AFTER five gruelling years, many of Europe’s citizens must wish they could dispatch the entire political class to hellfire and torment. As it happens, the ballot for elections to the European Parliament from May 22nd to 25th does not include that option, so a record number will probably not bother to turn out. Many of those who do will back populists and extremists. Broadly anti-European parties may take well over a quarter of the seats. The French National Front, the Dutch Party of Freedom and the UK Independence Party are likely to win their highest vote ever. This will cause domestic political ructions, but it is also an indictment of the European Union, a project that millions of voters have come to associate with hardship and failure.

Europe’s political leaders will be tempted to pay little heed. Economies are improving. After a grinding recession and years of battling the euro crisis, growth is returning and bond yields are sharply down. The danger that financial markets might blow up the euro (and the EU) has disappeared, at least for now. A new Pew Research poll this week even suggests that trust in the EU may be reviving a little. If the politicians can just hang on, won’t a slow but steady recovery win back all those disgruntled citizens?

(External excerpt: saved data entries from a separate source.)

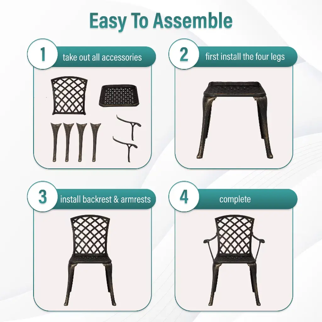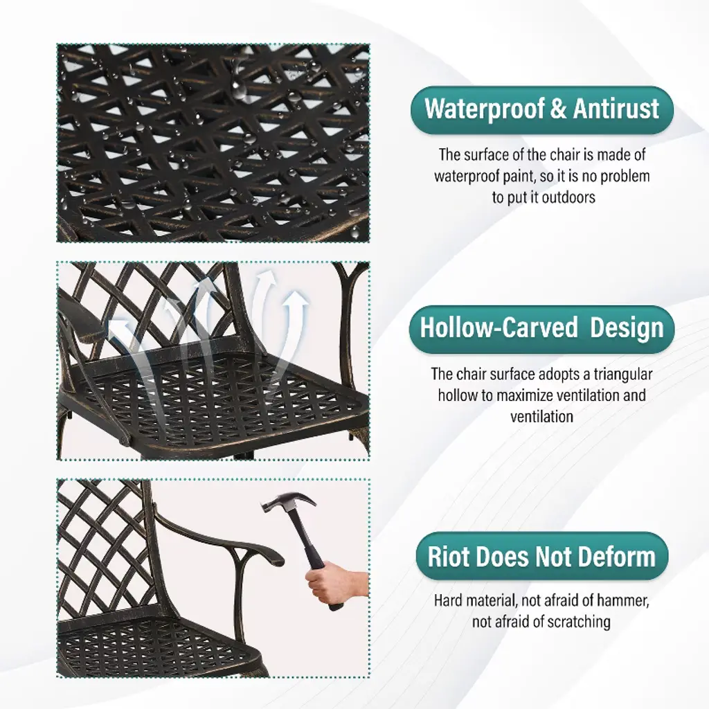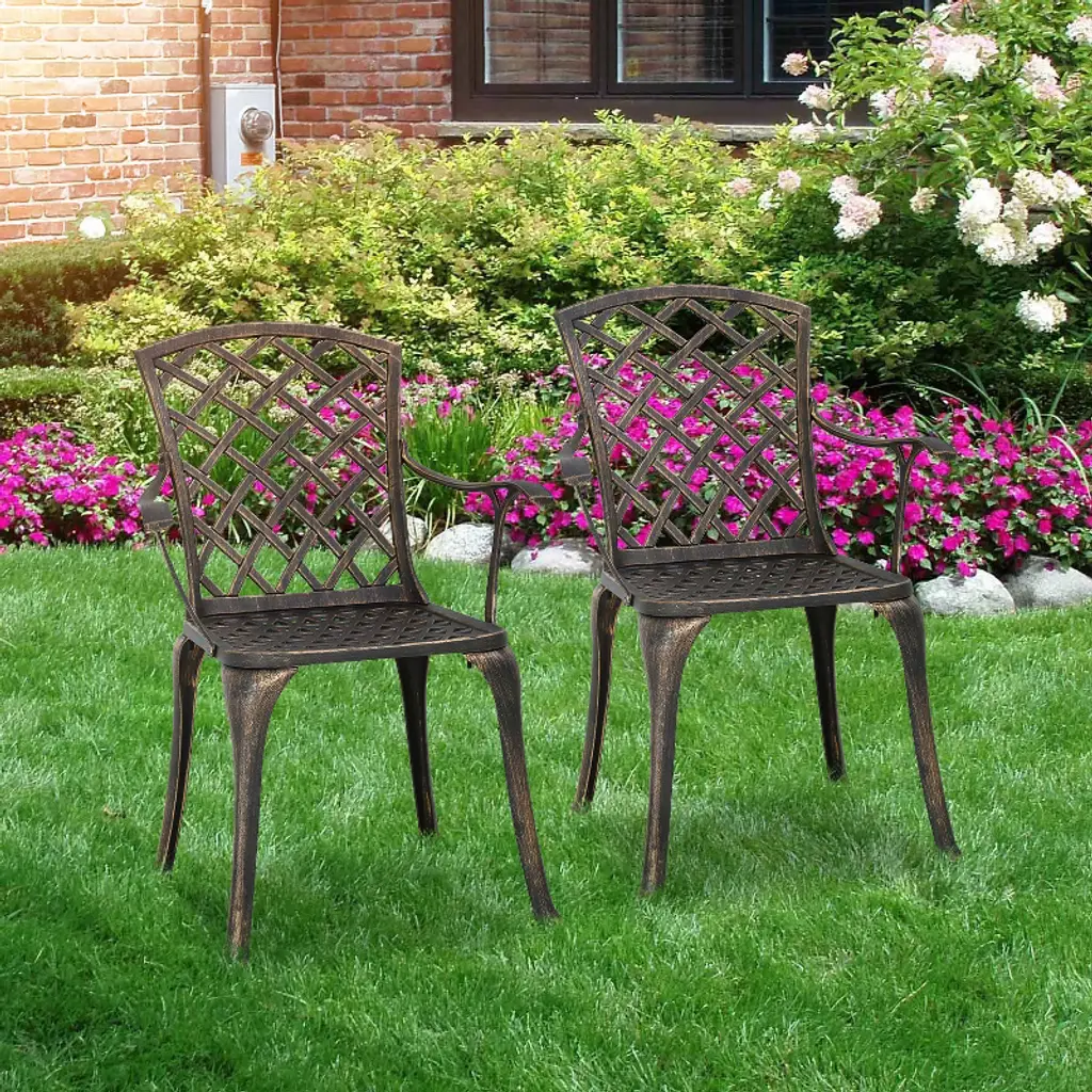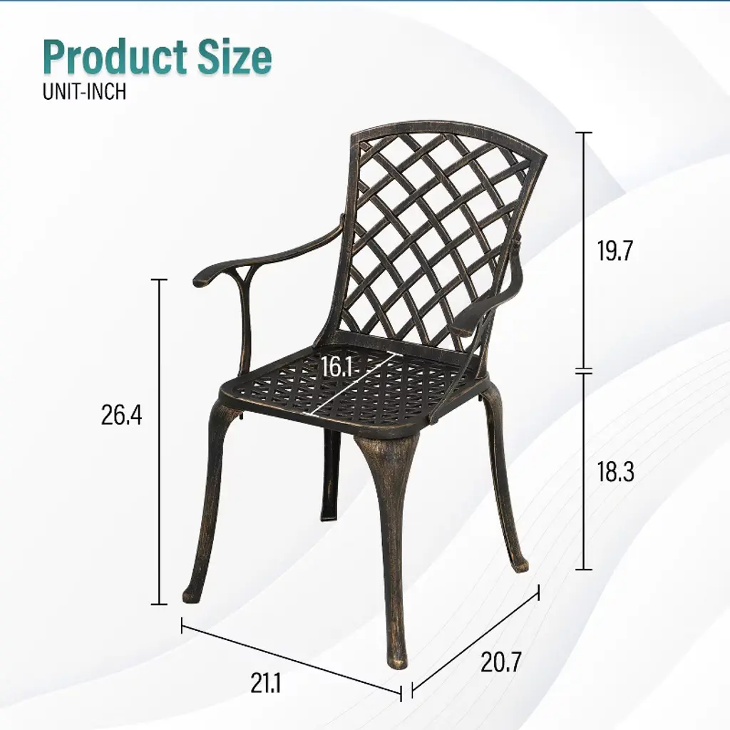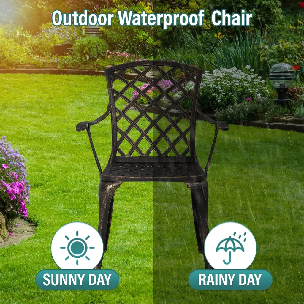FDW Outdoor Chairs are ideal for giving your patio or yard a dash of sophistication. These chairs are strong and aesthetically pleasing, made of wrought iron with a gorgeous bronze finish. Intricate lattice work lends a distinctive touch, and cozy seating guarantees enjoyment and relaxation. These chairs are a great complement to any outdoor area, whether they are being used for dining outdoors or just relaxing.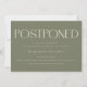 Postponing a big event like your wedding can be stressful, but you can still look stylish with this modern and minimalistic change of plans template card. It says "postponed" in stylish and noticeable font at the top followed by your event information and regrets. The background is sage green.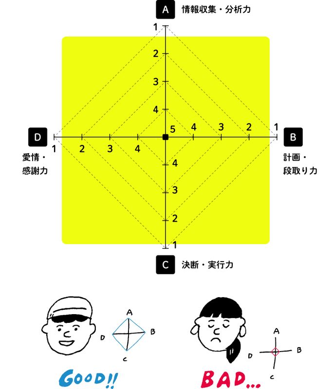 さらに全体の総得点を出して、総合判定を見てみましょう。グラフを作ることで、自分の得意・不得意の分野がわかります。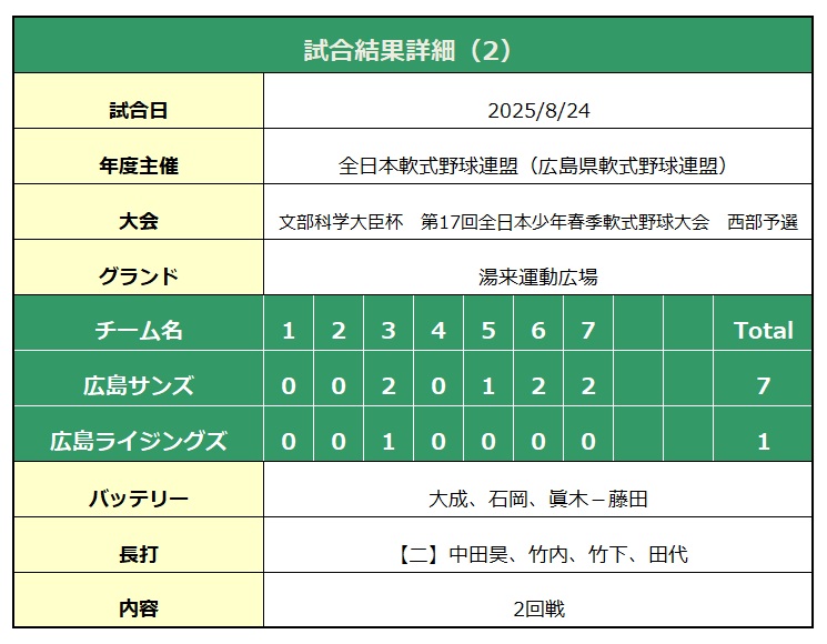 2025-08-24 文部科学大臣杯第17回全日本少年春季軟式野球大会西部予選 vs広島ライジングズ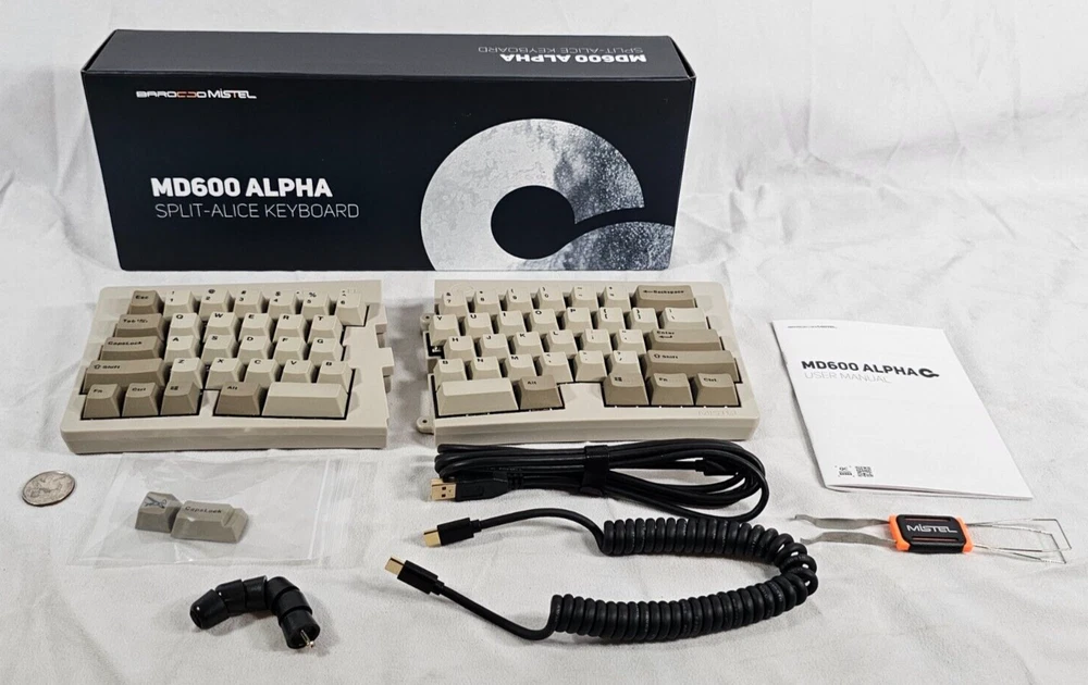 The BAROCCOMiSTEL MD600 Alpha BT is a 60% ergonomic split mechanical keyboard designed for seamless connectivity, comfort, and adaptability. With a unique Split-Alice layout, this keyboard is perfect for gamers, typists, and programmers seeking flexibility and precision. Key Features: Ergonomic Split Design – Adjust the keyboard to your preferred distance and position for optimal comfort. 60% Curvy Layout – Designed to match finger length and press distance, allowing relaxed finger positioning. Dual Mode Connectivity – Switch between Bluetooth and USB-C for both wireless freedom and wired responsiveness. Multi-Device Pairing – Connect up to 3 devices via Bluetooth, with easy switching between them. Programmable Macro Functionality – Customize key bindings to suit your personal workflow or gaming needs. Durable PBT Keycaps – Features double-shot PBT keycaps that resist fading and provide lasting stability. Adjustable Keyboard Angle – Magnetic rubber feet let you modify the angle for improved ergonomics. Additional Information: Device Compatibility : Laptop, PC, Gaming Console Battery Capacity : 2000mAh lithium battery (approx. 3.5 hours to fully charge) Key Switches : MX Mechanical (available in multiple variants) Polling Rate : USB=1000Hz, BT=125Hz Number of Keys : 64 (ANSI layout) Dimensions : 13.5 x 5.2 x 1.1 inches Quarter in photo used for scale.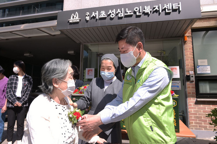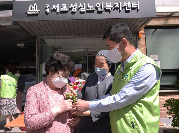 이날 농협유통 임직원 10여 명이 어버이날을 맞아 서초구립 성심노인복지회관에 방문해 요양 어르신 및 치매 어르신들께 과일 선물과 카네이션을 달아드리는 시간을 가졌다.(사진=농협유통 제공)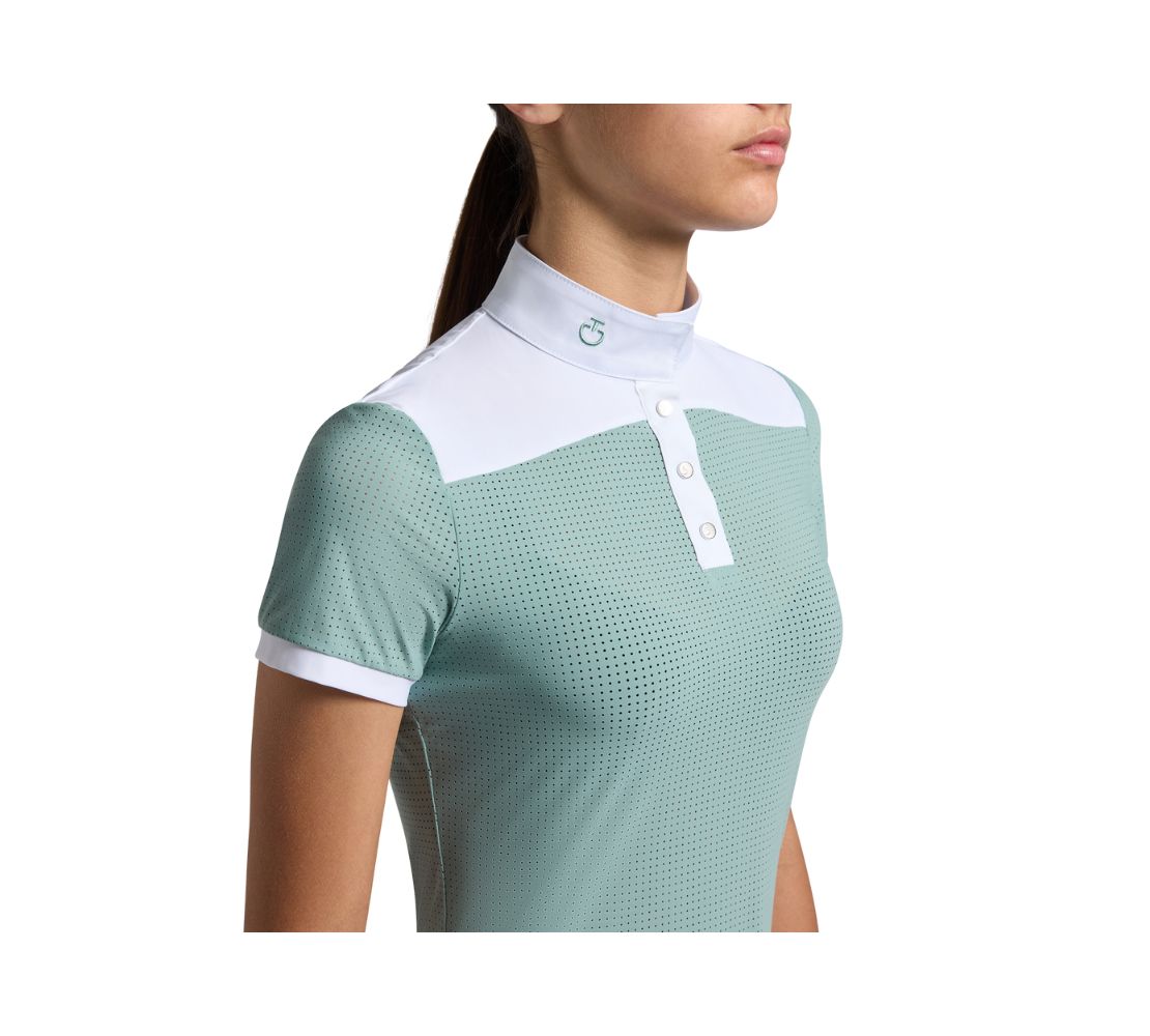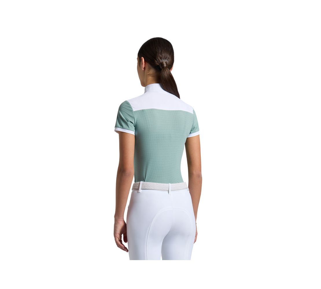 Cavalleria Toscana 女童短袖比賽襯衫結合機能與時尚,專為年輕騎手打造。輕盈透氣的鏤空針織布料確保比賽期間的極致舒適感。精緻的鏤空細節與隱藏式按扣領口,提供正式且時尚的外觀。領口上的 CT 刺繡標誌更增添獨特魅力。這款襯衫是比賽場合的理想選擇,完美融合性能與優雅風格。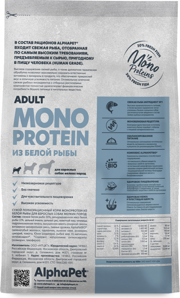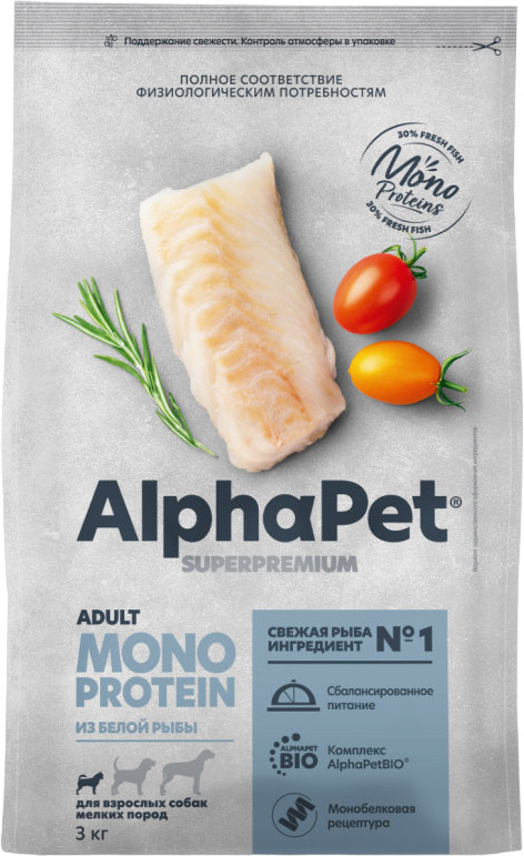 AlphaPet Корм для взрослых собак мелких пород из белой рыбы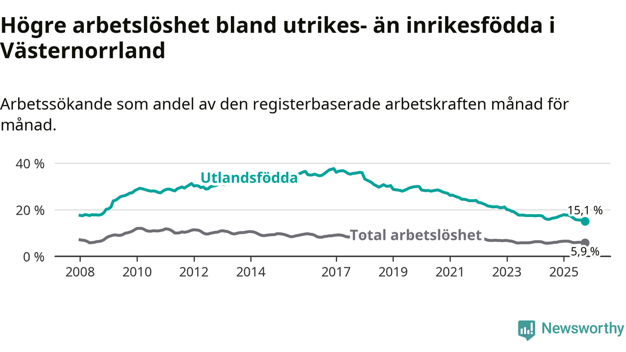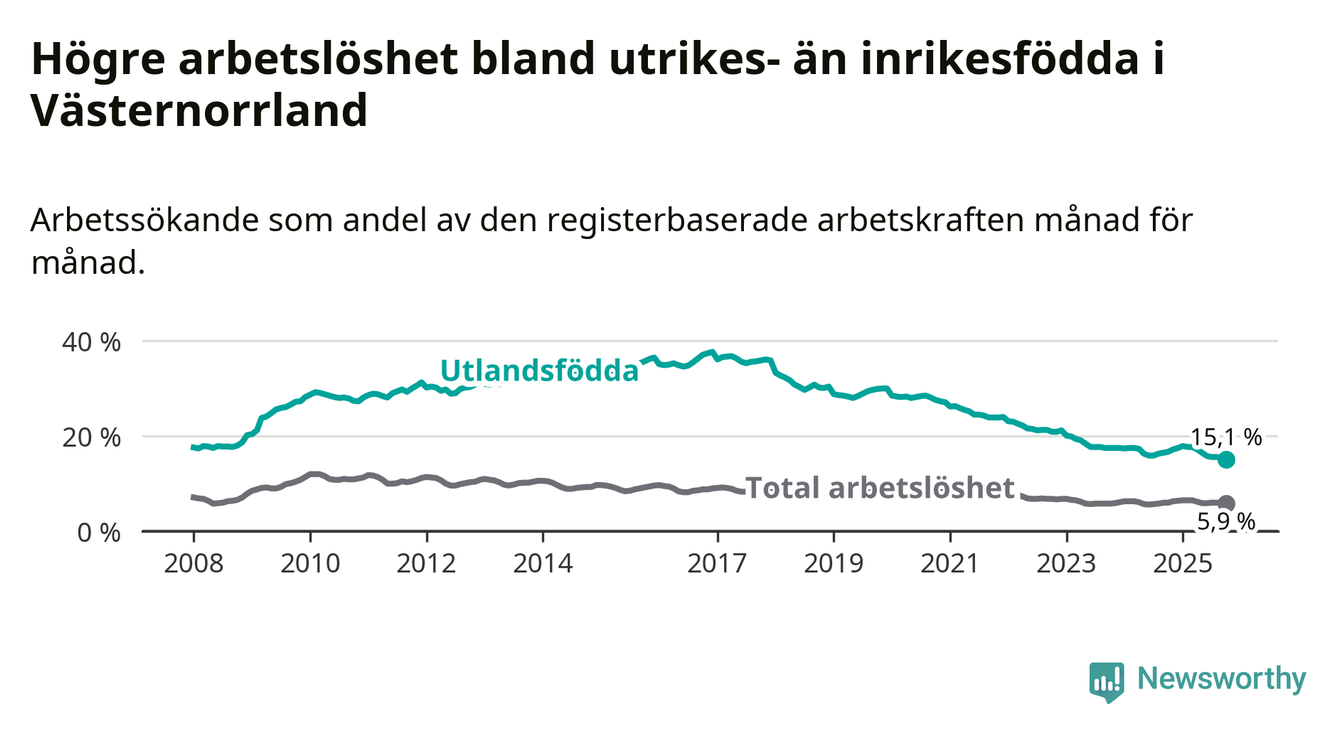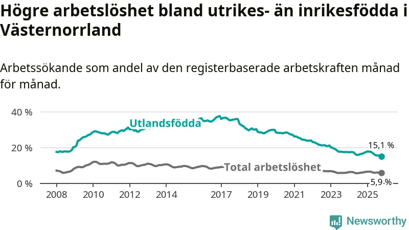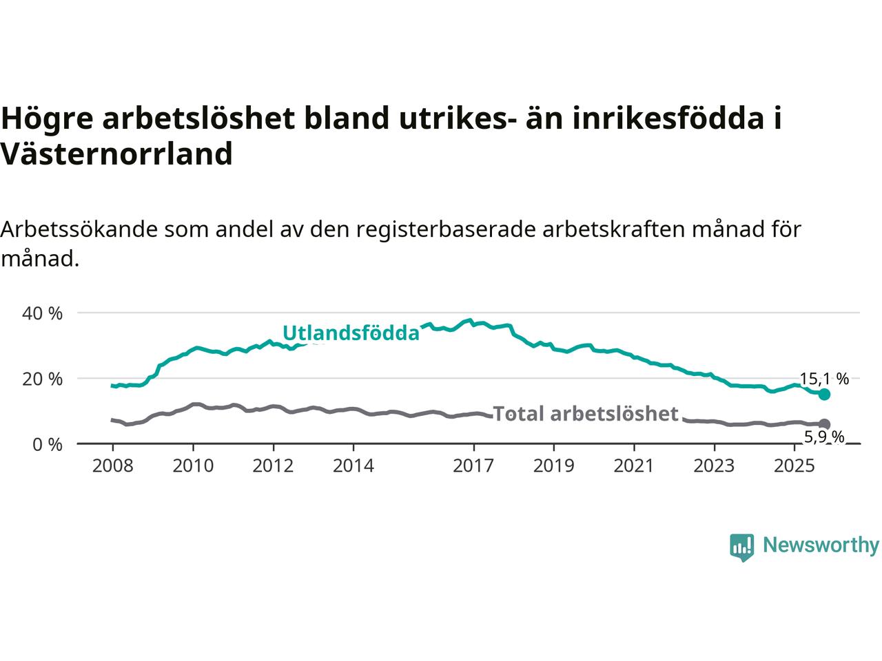 Skillnaden i arbetslöshet mellan utrikesfödda och hela befolkningen är 9,2 procentenheter i Västernorrland. Det är en betydligt mindre skillnad än för ett år sedan (−1,5 procentenheter).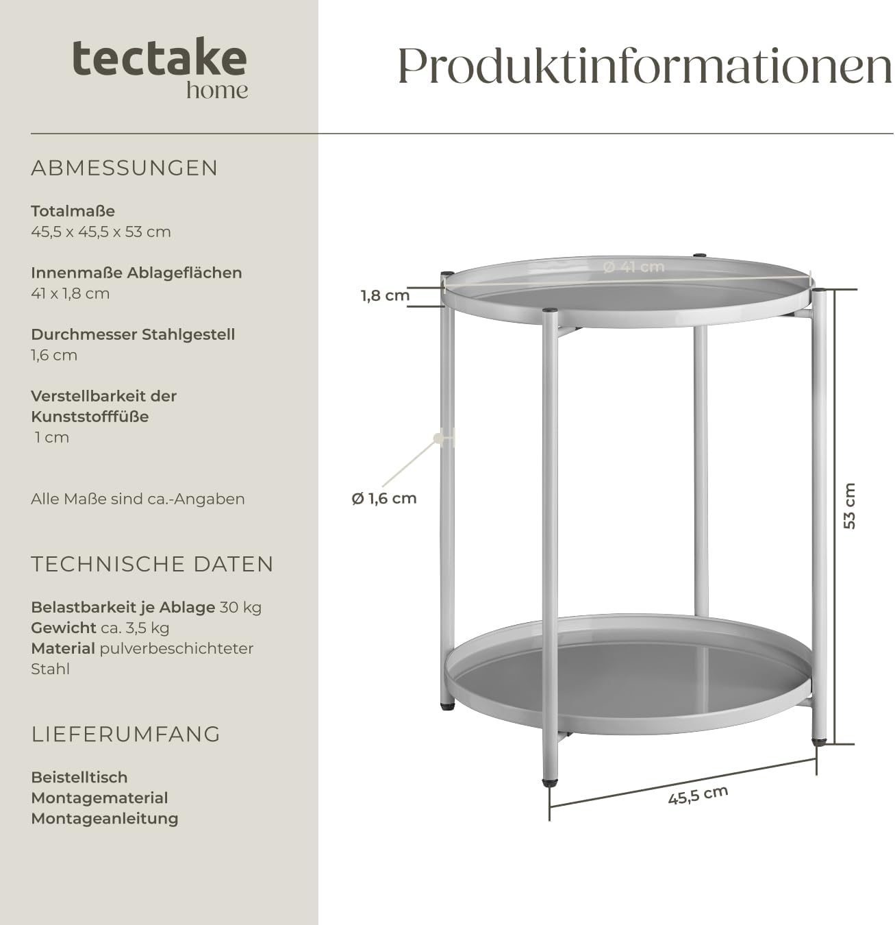 - PRODUKT-DETAILS: Totalmasse (LxBxH): ca. 45,5 x 45,5 x 53 cm // In-nenmasse Ablageflächen (ØxH): ca. 41 x 1,8 cm // Durchmesser Stahlge-stell: ca. 1,6 cm // Verstellbarkeit der Kunststofffüsse: ca. 1 cm // Belast-barkeit pro Ablagefläche: 30 kg //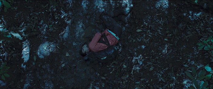 Ngoài ra, cảnh một người bí ẩn gieo mình tự tử, bị vật nhọn đâm vào mắt cùng những tiếng vang vọng bí ẩn trong rừng. Đây có lẽ là lời tuyên bố ngầm rằng Rừng thế mạng không chỉ là một phim sinh tồn đơn thuần mà còn chứa nhiều chất liệu tâm linh, kinh dị, tâm lý giật gân.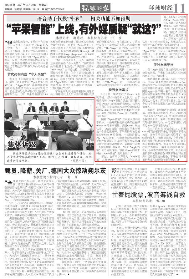 “对Siri进行重大更新,ChatGPT 扩展等功能计划在今年年底前推出。但最重要的功能——情境感知、在应用程序中采取行动的能力——都计划在2025年推出。”“The Verge”称,一切都与所承诺的节省时间的计算平台转变相去甚远。

No. The last crisis may be over, but it has exacerbated a deep contradiction at the heart of Europe—between euro-zone economies’ need for integration and the voters’ rejection of it

If populism continues to rise, a euro-zone member could elect a government set on tearing up the rules and quitting the single currency. That would reignite the euro crisis—and political upsets can be harder to put right than economic ones.


Repair and reform
 
European leaders’ wishful thinking starts with the economy. Growth may be back, but it is anaemic. Unemployment remains horrific: as many as 26m people in Europe are now out of work. Almost everywhere debt is dangerously high. With banks fragile, credit is hard to come by, and parts of Europe are on the verge of deflation. The euro zone may be heading into a lost decade similar to Japan’s in the 1990s. Japan is a socially cohesive nation-state; the diverse EU is far less likely to survive such an experience.

The EU could help bolster growth. The European Central Bank could ease monetary policy, including by unconventional means. The European Commission could make a renewed push at completing the single market in services, digital technology and energy, for instance, or could press ahead with a free-trade deal with America.

Yet a blast of reformist zeal from Brussels would hardly mollify Europe’s disgruntled voters. For one thing, reforms tend to produce short-term pain before long-term gainone reason why many European governments have found them so hard. For another, voters do not like being pushed around by Eurocrats.

The battle to save the euro has led to the centralisation of powers over banking, taxing and spending; and, while most euro-zone voters want to keep the euro, they have made it quite clear that they oppose the accretion of ever more intrusive powers to the ECB, the European Commission and the European Parliament. The EU’s abandoned constitution and its successor, the Lisbon treaty, were together rejected in three out of six referendums; ten governments broke promises rather than hold votes on the final version. In France, a founding member, the EU today attracts even more resentment than it does in famously Eurosceptic Britain. The populists’ appeal in the European elections is based largely on rising hostility to interference by Brussels.

This is an issue of democracy, not of economics. Voters are not impressed when they toss out an incumbent government only to be told by the EU that its replacement must stick to the same fiscal rules and economic policies. Since the transfer of powers to the centre has come about as a result of economic failure, and not of broader political debate or of resounding success, the chances of its being meekly accepted are slim.


Hand powers back

Voters’ resentment suggests that giving the European Parliament more power has not been a reliable route to democratic legitimacy. The parliament has failed in its 35-year strategy of persuading voters to take it seriously by winning an ever growing role (see article). Europe’s heads of government should stand against its latest power grab, which is to arrogate to itself the right to choose the next European Commission president by getting the main political groups to nominate candidates and refusing to accept any alternative.

If the EU is to gain democratic legitimacy, it will do so not through the European Parliament but through national parliaments. That means giving powers back to them wherever possible, including greater fiscal flexibility and more national control over social policy and employment rules. It also means that national leaders must take responsibility for economic reform, rather than hiding behind the convenient fiction that painful choices are being forced on them by bad people in Brussels or Berlin. Recent experience shows that those who do so can benefit: countries which have made deeper changes at home, such as Spain and Portugal, are now bouncing back more strongly than reform laggards like France and Italy.

At one time Europe seemed to be moving inexorably towardsever closer union”—and many federalists hoped the euro crisis, like previous crises, would mean another leap forwards. Yet in the wasteland left after the crisis, voters are shaking their pitchforks at the notion of a United States of Europe. Rather than seek to expand the role of the EU’s institutions, it would be better to reinforce the nation-states where legitimacy lies. Europe’s broad strategic direction should be set by heads of government, not by the European Commission, even though that body proposes the detailed laws.

The European Parliament should be downgraded, with more democratic control given to national parliaments. If the EU is to survive, it must hand powers back to the people.